46. This Boy’s Life-This unforgettable memoir, by one of our most gifted writers, introduces us to the young Toby Wolff, by turns tough and vulnerable, crafty and bumbling, and ultimately winning. Separated by divorce from his father and brother, Toby and his mother are constantly on the move, yet they develop an extraordinarily close, almost telepathic relationship. As Toby fights for identity and self-respect against the unrelenting hostility of a new stepfather, his experiences are at once poignant and comical, and Wolff does a masterful job of re-creating the frustrations and cruelties of adolescence. His various schemes - running away to Alaska, forging checks, and stealing cars - lead eventually to an act of outrageous self-invention that releases him into a new world of possibility.
47. Farewell to Manzanar-Jeanne Wakatsuki was seven years old in 1942 when her family was uprooted from their home and sent to live at Manzanar internment camp--with 10,000 other Japanese Americans. Along with searchlight towers and armed guards, Manzanar ludicrously featured cheerleaders, Boy Scouts, sock hops, baton twirling lessons and a dance band called the Jive Bombers who would play any popular song except the nation's #1 hit: "Don't Fence Me In."
48. A girl named Zippy- When Haven Kimmel was born in 1965, Mooreland, Indiana, was a sleepy little hamlet of three hundred people. Nicknamed "Zippy" for the way she would bolt around the house, this small girl was possessed of big eyes and even bigger ears.

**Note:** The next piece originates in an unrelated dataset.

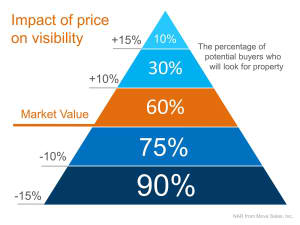 If your home is on the market and you are not receiving any offers, look at your price. Pricing your home just 10% above market value dramatically cuts the number of prospective buyers that will even see your house. See chart below.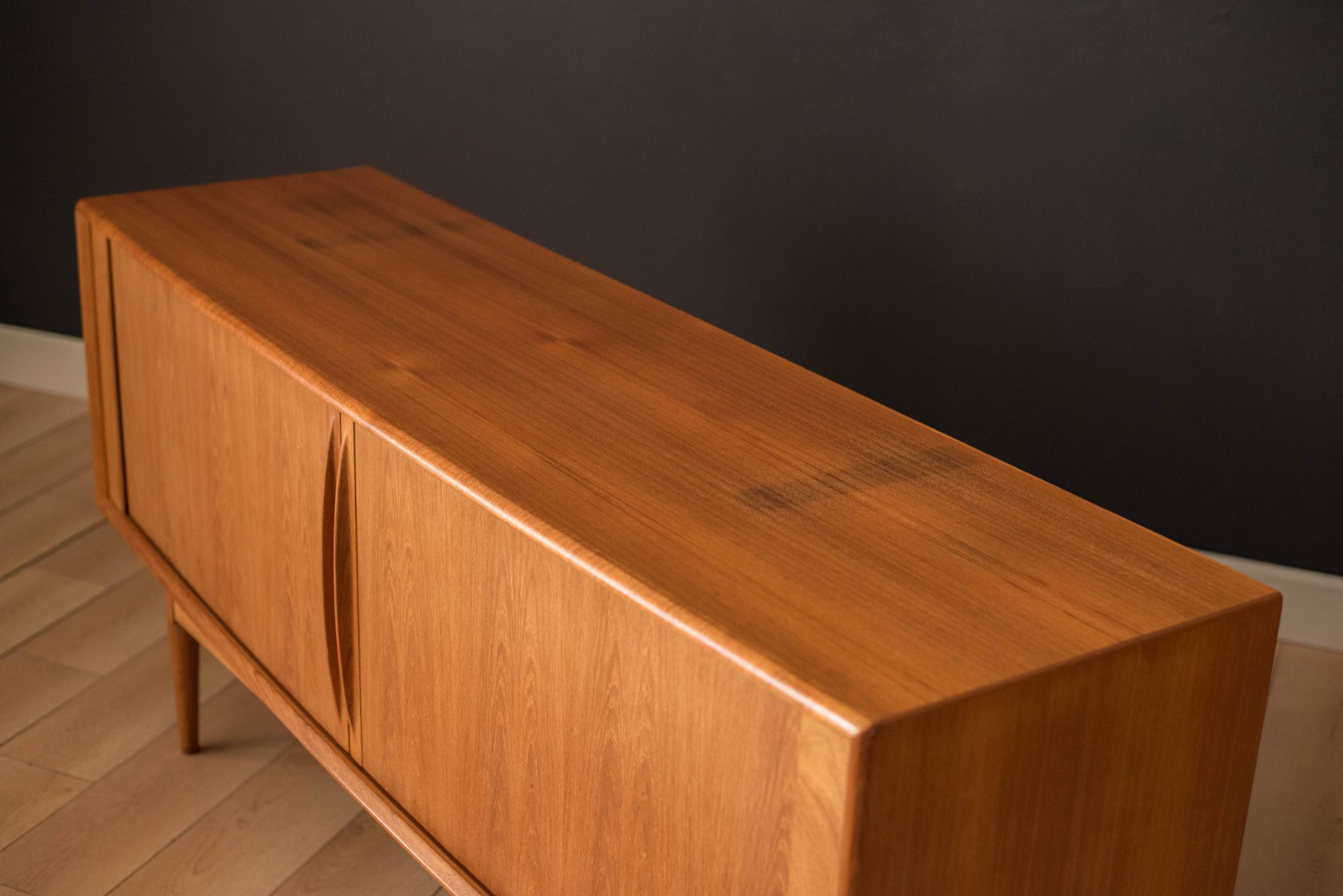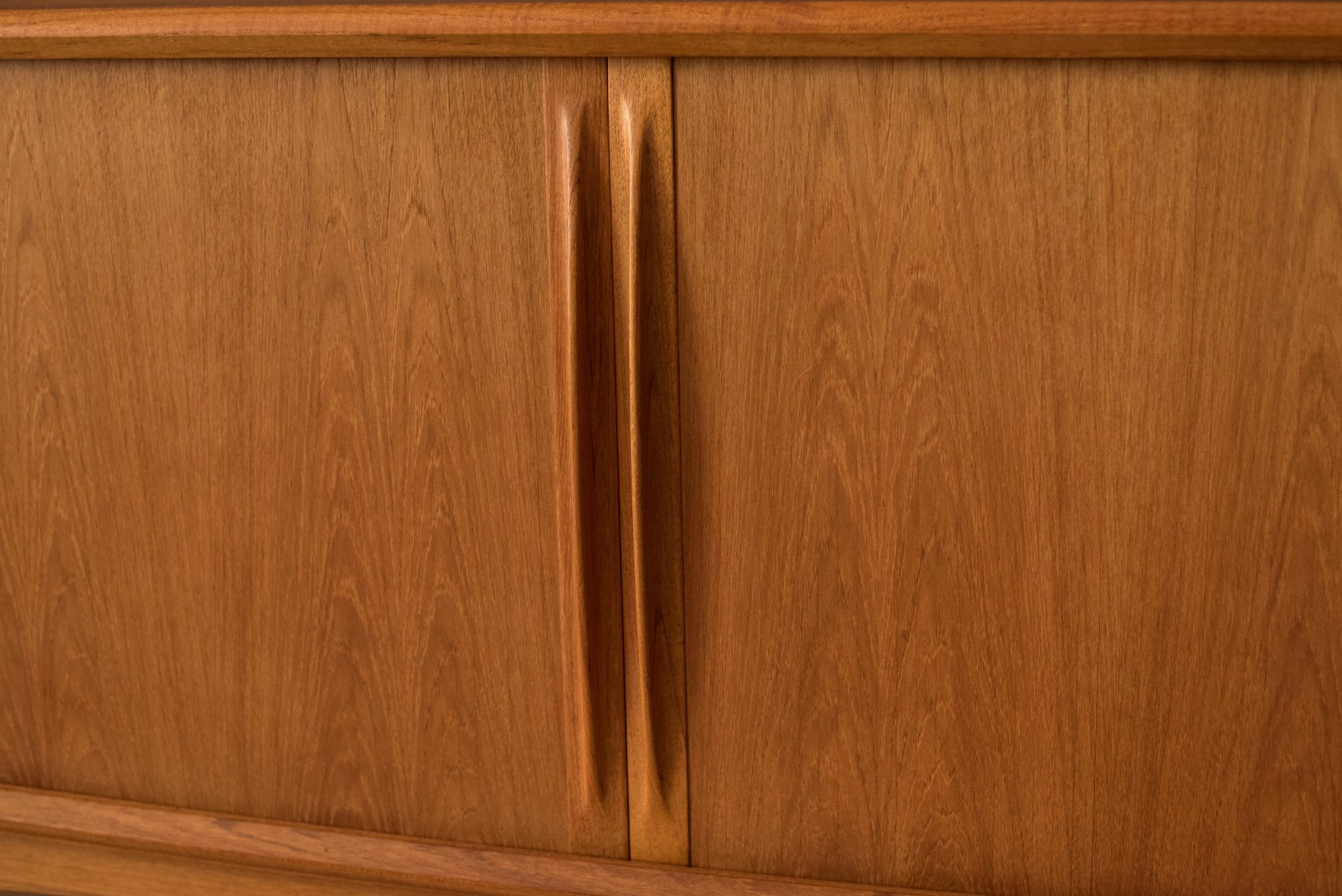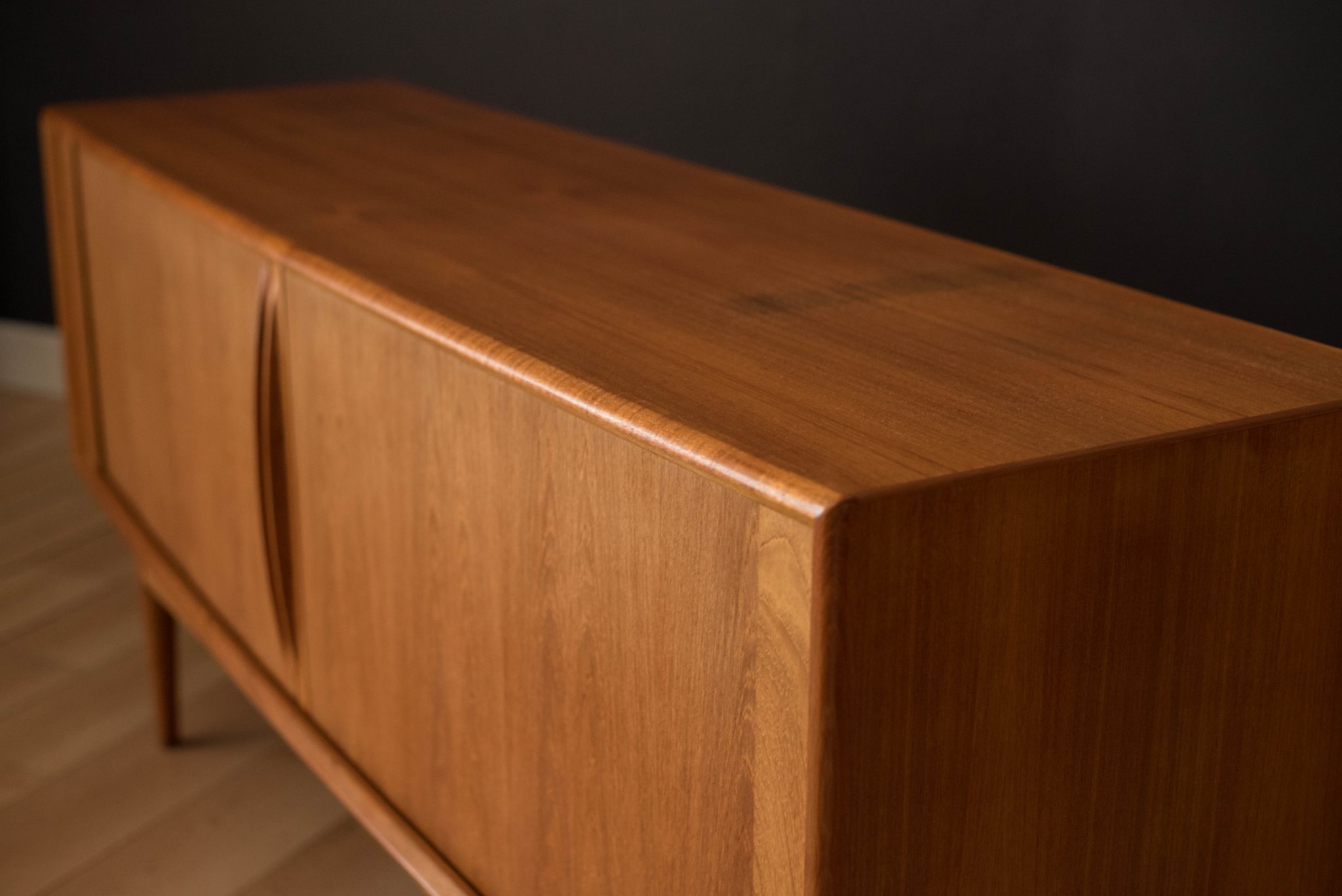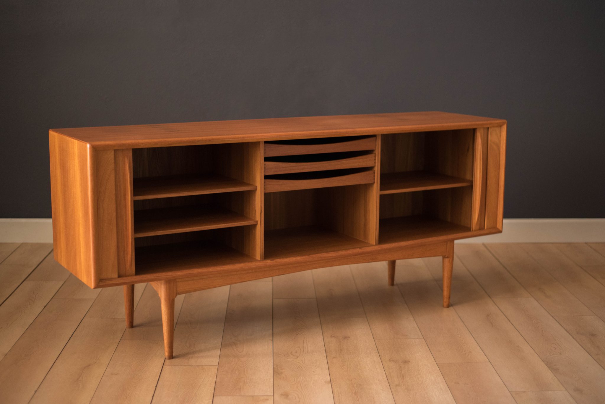 Mid-Century Modern credenza sideboard in teak manufactured by Bernhard Pedersen & Son, Denmark. This piece features sliding tambour doors with signature sculpted handles. Displays a bowed top front edge and is finished with vertical teak grains on the backside. Interior storage provides three dovetailed drawers and adjustable shelving.

In this witty and lovingly told memoir, Kimmel takes readers back to a time when small-town America was caught in the amber of the innocent postwar period–people helped their neighbors, went to church on Sunday, and kept barnyard animals in their backyards.
-I laughed out loud more than once, what a funny, wonderful read!!!
49. ‘tis- this story is moving and the voice is, as always, unique. That said, this story is a much more familiar one than the last: Irish immigrant trying to make a life for himself in a new world, and a war-enraged America. This story, though, is much more tangible than "other" immigration stories and unique in that, throughout all the troubles, heartache, injustice, and anger, this is a story not burdened with self-pity. That's magic.